Bilmem, belki de ona sayıp sövmüştüm ayrılırken. Ya da değer vermediğimi hissettirmiştim. Ne olduğunu bilmesem de şaşkın bakışından bir şeyi tuhaf bulduğunu anlayabiliyordum.
Ardından o da boşverdi ve gözleri parıldadı. Yeniden o çok sevdiği kıymetlisine bakar gibi bir bakış belirdi yüzünde ve nihayet uzanıp beni kolları arasına alacak cesareti buldu. Başım göğsüne yaslandığında birkaç dakika önce hissettiğim kalp atışlarına yeniden kavuşmanın verdiği neşe ve huzurla doldu içim.
" Öyle mi diyorsun?" dedi tatlı tatlı.
Kokusu da dokunuşu kadar sıcaktı. Sarılışındaki özlemi derinden hissettiğimde bunun bir veda olduğunu hatırladım. Kendimi tutamadım ve o görmediği için gözümden bir yaş akmasına izin verdim.
Başımı onaylamak için salladım. Saçım gömleğinde kıvrıldı bir yukarı bir aşağı. Gözümden akan yaşı parmaklarımla sildim ve gözlerimi gözlerine çevirdim. Hem bir özür hem de yüzleşmeydi bu.

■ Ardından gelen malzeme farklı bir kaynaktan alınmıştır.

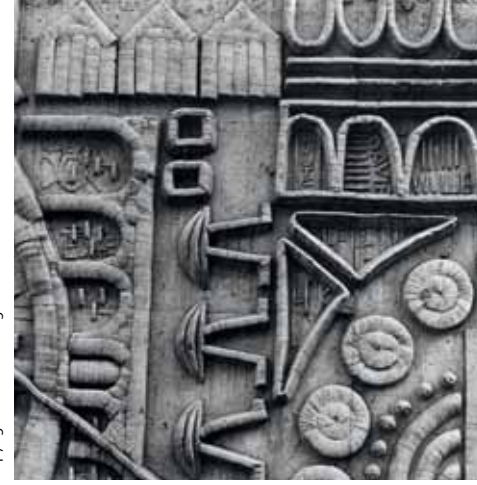
The names of builders who helped are immortalised in concrete

" Gerçekten öyle. Ben kaybettim mesela."
Kaşları o nasıl söz öyle ya da olur mu hiç öyle şey der gibi çatıldı.
"İkimizin de bir suçu yok. Arkadaş olmak bizim için daha sağlıklı bir seçenek sadece. Biliyorsun iki ilişki türünü birleştirince ekstra bir kıskançlık seviyesine ulaşmıştık. Böylesi daha iyi Ayame..."
Neden hiçbir şey hatırlamıyodum? Benim için hiçbir şey değişmemiş olması gerçekte olayları değişemediğim hissi verdi bana. Bunu henüz bilemeyeceğim için üstünde durmadım.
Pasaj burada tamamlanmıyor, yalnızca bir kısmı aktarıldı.